— About this exercise —
For the records that follow, please set down exactly the lines between the one holding "Macau residents stand" and the one holding "Veranda Box Je", inclusive, and only those.

— Study material —
════════════════════
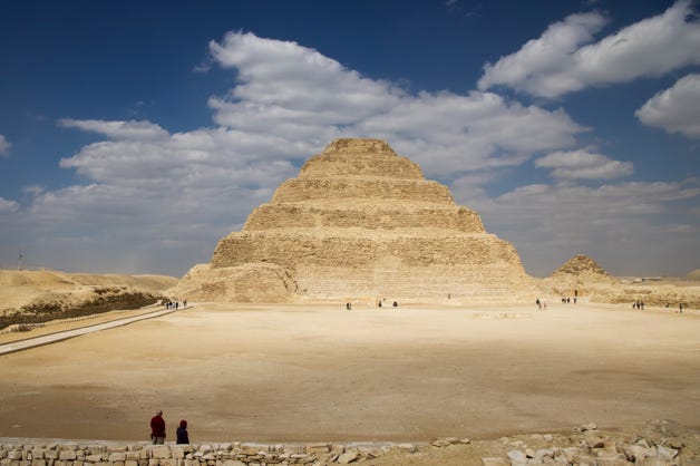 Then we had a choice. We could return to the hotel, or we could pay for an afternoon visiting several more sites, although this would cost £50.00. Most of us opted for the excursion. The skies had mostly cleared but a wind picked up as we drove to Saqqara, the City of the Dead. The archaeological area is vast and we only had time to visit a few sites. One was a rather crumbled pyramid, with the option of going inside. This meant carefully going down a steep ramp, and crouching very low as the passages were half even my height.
════════════════════
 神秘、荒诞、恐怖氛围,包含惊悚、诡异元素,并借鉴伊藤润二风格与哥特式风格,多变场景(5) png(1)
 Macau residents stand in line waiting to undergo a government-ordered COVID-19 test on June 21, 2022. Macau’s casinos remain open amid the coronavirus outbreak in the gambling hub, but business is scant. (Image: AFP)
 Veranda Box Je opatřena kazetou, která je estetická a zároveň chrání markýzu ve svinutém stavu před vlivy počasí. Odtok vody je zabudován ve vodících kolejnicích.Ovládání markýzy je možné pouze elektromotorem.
════════════════════
— Finished task —
 Macau residents stand in line waiting to undergo a government-ordered COVID-19 test on June 21, 2022. Macau’s casinos remain open amid the coronavirus outbreak in the gambling hub, but business is scant. (Image: AFP)
 Veranda Box Je opatřena kazetou, která je estetická a zároveň chrání markýzu ve svinutém stavu před vlivy počasí. Odtok vody je zabudován ve vodících kolejnicích.Ovládání markýzy je možné pouze elektromotorem.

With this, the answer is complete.